Sydney’s chat with TJ wouldn’t be possible if not for the fact that TJ’s mother, Sydney’s cousin Chantel (Deadwyler), hadn’t run out of hair for braiding and left the house for several hours to get more. When we do see Chantel, her constant patter of gossip and shit-talk are clearly soothing to Sydney; Chantel makes Sydney smile almost as much in one episode as we see in the rest of the season combined, and when they close the episode by making plans to go for drinks with the much sloppier Mary, we believe it. Also, a role that brings Deadwyler back to Chicago post-Station Eleven? I couldn’t possibly rank it lower than bronze.
Bob Odenkirk
The entire run of Better Call Saul (and most of the run of Breaking Bad) let anyone who doubted it know that Bob Odenkirk is pretty good at acting. He’s also pretty good at having a Chicago accent, too, which only helps on The Bear. Returning as Carmy’s Uncle Lee, Odenkirk only gets one scene in “Bears.” When he comes upon Carmy hiding out in the kitchen, Lee broadly hints that he and Donna are dating, and stops just short of suggesting that Carmy try to visit her. We also find out that Lee was the only person at Michael’s (Jon Bernthal) funeral before slipping out in distress; finding out there was a witness to Carmy’s attempt to be present for the family, and for his late brother’s memory, turns out to be a pivotal moment, and one Carmy wants to keep talking about in an effort to heal.

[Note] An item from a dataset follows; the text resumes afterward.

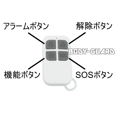 | モード説明 | リモコンとのペアリングが完了した状態で各ボタンを押すと音が鳴りモードが切り替わります。 ※機能ボタンでのモード切り替えは解除ボタンを押してから行ってください ●アラームボタン(ピーと音が鳴る) 本体とマグネットが離れると約30秒間アラームが鳴り響きます。 ●SOSボタン SOSボタンを押すと約30秒間アラームが鳴り響きます。 ●解除ボタン 解除ボタンを押すと、アラームがOFFになります。 ●機能ボタン ・閉め忘れ防止:機能ボタンを押して「ピピピッピピピッ」と音が鳴った時 本体とマグネットが離れている間「ピピピッ」と音が鳴ります。本体とマグネットが近づくと音が止まります。 ・チャイム:機能ボタンを押して「ディンドン」と音が鳴った時 本体とマグネットが離れるとチャイムが鳴ります。 ・アラーム:機能ボタンを押して「ピピピッ」と音が鳴った時 本体とマグネットが離れるとアラームが鳴り響き、本体とマグネットが近づくとアラームが止まります |

Carmy’s attitude toward Lee in this scene ranges from openly hostile to merely wary, but Lee won’t be deterred from his quasi-parental efforts, because he knows Carmy needs them. Odenkirk manages the nearly impossible: portraying a Berzatto in a way that leaves me wanting more.
Robert Townsend
Given how much of The Bear is devoted to the topic of trauma parents inflict on children, one of its most important characters is Emmanuel Adamu (Townsend), Sydney’s father. A gentle, droll, unfailingly kind man, Emmanuel doesn’t give up trying to maintain contact with his very busy daughter, nor hold it against her when she does a poor job holding up her half of the relationship. When he has a mild heart attack halfway through the season, Sydney melts down in the hospital waiting room realizing for the first time that she could lose the most reliable figure of her life — the person whose support and belief in her has made her feel safe to pursue her potentially risky dreams.
I ended Season Four a little disappointed that the writing has turned Sydney into such a flake (justice for Chef Adam! she jerked him around for months!!!), but if someone like Emmanuel can love her this much, I guess she’s not all bad.
* For the purposes of this list, I’m not including guest stars who, though they’re very gifted — and, in most cases, deliver more elegantly subtle performances than some Oscar winners in the mix here — are less examples of stuntcasting than they are working character actors who managed to book parts Debra Messing** and Topher Grace** could have lobbied for. Adam Shapiro, Rene Gube (Rene), Mitra Jouhari (Kelly), Andrew Lopez (Garrett), Sarah Ramos (Jessica) and David Zayas (David): we love you! Be glad you’re not on a list with some of these people!
** Entirely hypothetical examples! I don’t know anything!